Student Loans: I have two student loans, but at 6.8% interest rate, with a total current balance of $27,074.86 and a monthly payment of $318.63. Over the years I have deferred these, gone on interest-only repayment plans, gone on forbearance when I was unemployed, etc… These should have been paid off long ago, but they are still around haunting me. On top of that due to my own stupidity and focusing in other things I am now 6 months behind on these payments. If I go further than 6 months I will default on the loans, and unfortunately I do not currently qualify for deferment or forbearance due to the nature of my loans, even with the provisions in place with COVID-19. Believe me I have tried. So for now I just have to suck it up, get current with the loans, and then pay them down.

Other than getting current with both the auto loan and the student loans I do not feel that these are urgent debts to pay off, due to their fairly low interest rates. They are obviously important to pay off, as I truly have come to believe that Debt = Emergency. However, compared to the loans we will discuss tomorrow, despite the high balances of the auto and student loans, the reality is they are manageable. Getting on time is important, but otherwise I think I need to plan on only paying the minimums.

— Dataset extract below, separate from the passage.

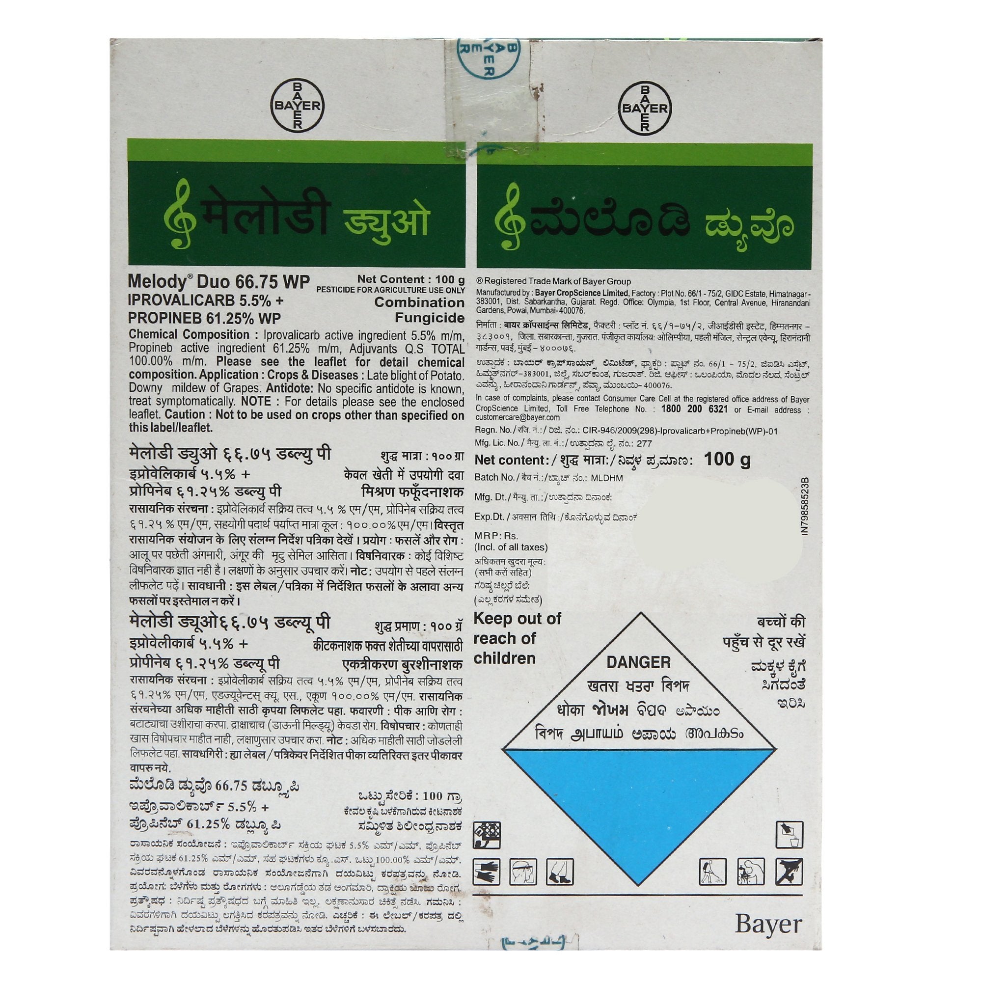 Melody Duo is a modern fungicide containing the two active ingredients Iprovalicarb and Propineb. It provides excellent control of a broad range of fungal species from Oomcytes class (e. g. Plasmospora viticola, Phytophthora spp., Pseudoperonospora spp., Peronospora spp.) with high plant compatibility. The major crops in which Melody Duo can be effectively used are those in which Downy mildew and Late blight are economically damaging viz. grapes and potato.

I knew from the start that it would be basically impossible to pay off 100% of my debt over the next 12 months, especially with a total balance that is almost double my net income. While I haven’t made any final decisions yet right now I am leaning towards putting together a goal of paying all of my debt with the exception of the Auto Loan and Student Loans. Of course I would get current with them and continue to pay the minimums, so the balance owed would continue to drop throughout the year. But I think if December 31st comes around and the only debts I have left are these two loans I can feel pretty damn good about myself. That would still mean paying off $17,012.42 plus whatever interest accrues, and with a base income of $37,024 that will not be a walk in the park.